The future IS super computing and the cloud

Web based technologies, whether called Cloud, portals or virtual research environments should provide us with fantastic opportunities for growth and development. My earlier post highlighted something of what lays ahead of us, but what are the opportunities. My own recent interactions with even the simplest technologies have deepened my understanding of how people can benefit from web based communication. As a statistical researcher I see a future where standard statistical analysis programs (e.g. SPSS, WSTATA) are embedded into portals as standard. This would be a big step forward for a number of reasons. Firstly, my present pet hate with SPSS (for example) is that I have to reinstall the package at least once a year due to upgrades or new lisence issues. In the portal world, this ceases to be needed. Providing the university has paid the annual fee to SPSS, and providing that I am a registered university employee or student, I would be able to access its functionality from any web browser. All upgrades or lisence updates would be handled centrally by university computing services. A much greater benefit to users and how they innovate would be the ability of the stats packages to embrace the 'Cloud' to handle GRID enabled multiprocessor computation.

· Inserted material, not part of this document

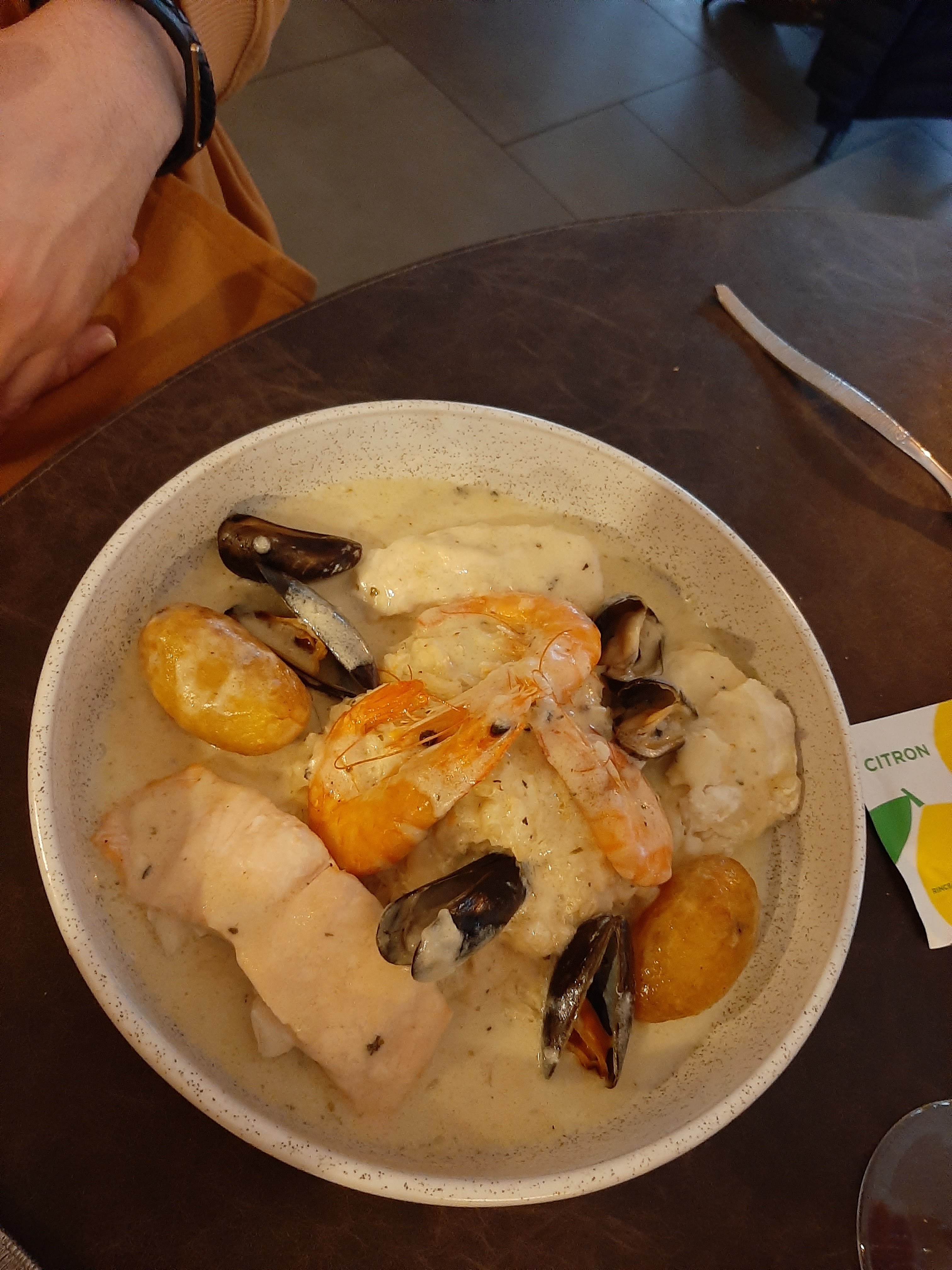 Installé en terrasse avec deux chiens, on a spontanément apporté de l'eau pour eux. Choucroute de la mer bien garnie saumon, moules, crevettes, lieu, pommes de terres et garniture pour tarif imbattable. Service au top et souriante. Bravo à toute l'équipe. A visiter les yeux fermés

Datasets (i.e the information that we collect on any matter we choose) have become larger often running into terescale dimensions. Our ability to conduct useful estimations on data of this size is greatly deminished. It is no longer uncommon to hear of very large corporations having difficulty processing data for this reason; limiting their ability to take advantage of the latest estimation processes, slowing innovation. A scientific example of this scale of data generation is provided by the Cern laboratory that will generate terabytes of data per experient. On a singe computer it is practically impossible to run models or run tests that would 'sift' this data to enhance knowledge. The cloud provides us a 'super computing' platform to reduce this issue as all data storage and computations take place away from the users machine, harnessing many computers simultaneously, dramatically reducing computational time for many user groups. This is multiprocessor computation. The issue however, is that many organisations may not allow their data to be stored and processed outside of their own IT networks due to data security risks; something we hear rumblings of already...for academic researchers this is likely to much less of an issue.